A cell is a complex system with numerous biomolecular complexes to regulate and perform cellular functions. Regulation of cellular functions is attained through the modulation and coordination of many signaling pathways. Cyclic nucleotide, a ubiquitous secondary messenger, regulates a diverse range of functions in gene expression, cellular proliferation and apoptosis, neuronal signaling, and microbial pathogenesis. cAMP also modulates the activity of Hyperpolarization-activated cyclic nucleotide-gated (HCN) channels. HCN channels play a crucial role in maintaining the membrane potential and are implicated in diverse functions in the healthy and diseased brain.
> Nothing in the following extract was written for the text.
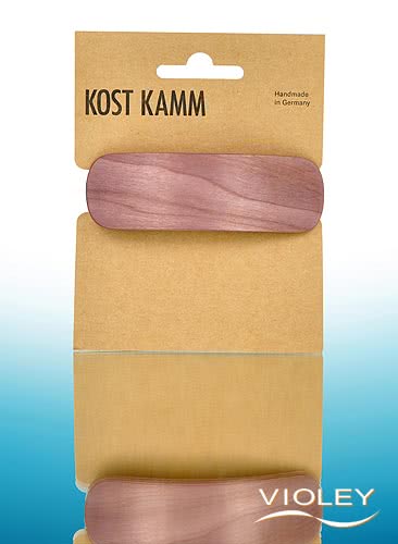 KostKamm Barrette, oval, purple dyed plywood, clasp 10 cm. Set a colourful accent. the oval hair clip in elegant purple combines a clear, modern look with the natural warmth of laminated wood. The sturdy 10 cm clasp ensures a reliable hold and makes the barrette the perfect companion for elegant everyday and office looks.

Studies have shown that the supramolecular organization of signaling complexes as nanoclusters regulates signal transduction. Super-resolution microscopy enables us to understand the spatial aspect and microscale features of signaling processes. The use of light (optogenetics) to control and modulate cellular functions has opened up a new arena to explore the cellular functions of biomolecules at a higher spatio-temporal resolution. It enables us to explore the spatio-temporal dynamics of signal transduction. Our study shows optical control of cyclic nucleotide level and the dynamics of downstream effector HCN2 channels at the nanoscale level in a targeted manner. Here, we have developed a new paradigm combining optogenetics with super-resolution microscopy. Optogenetics allows us to modulate the cyclic nucleotide (cAMP) level in a targeted region and super-resolution microscopy permits us to visualize the trafficking and supramolecular organization of molecules at nanoscale resolution. With a flash of light, we modulate the cAMP levels and examine the dynamics of HCN2 channels at both ensemble and single-particle level. We found that optical stimulation to increase intracellular cAMP levels confined the movement of HCN2 channels and segregated them into nanoclusters. We further demonstrated that the alteration in the trafficking and nano-organization of HCN2 channels after binding to cAMP molecules was mediated by their cyclic nucleotide binding domain (CNBD). The integration of two techniques namely, optogenetics and super-resolution microscopy enabled us to modulate and study the biochemical map of signaling complexes at a high spatial-temporal resolution. This paradigm allows altering and comprehending the dynamic nature of nanoscale cellular processes during signal transduction in native and pathophysiological conditions.

A schematic representation illustrating alteration in the cyclic nucleotide level and the molecular arrangement of downstream HCN channels before and after light regulated activation of the protein. Created using

Our study provides a unique way to modulate and investigate the real-time dynamics of signal transduction at the nanoscale level.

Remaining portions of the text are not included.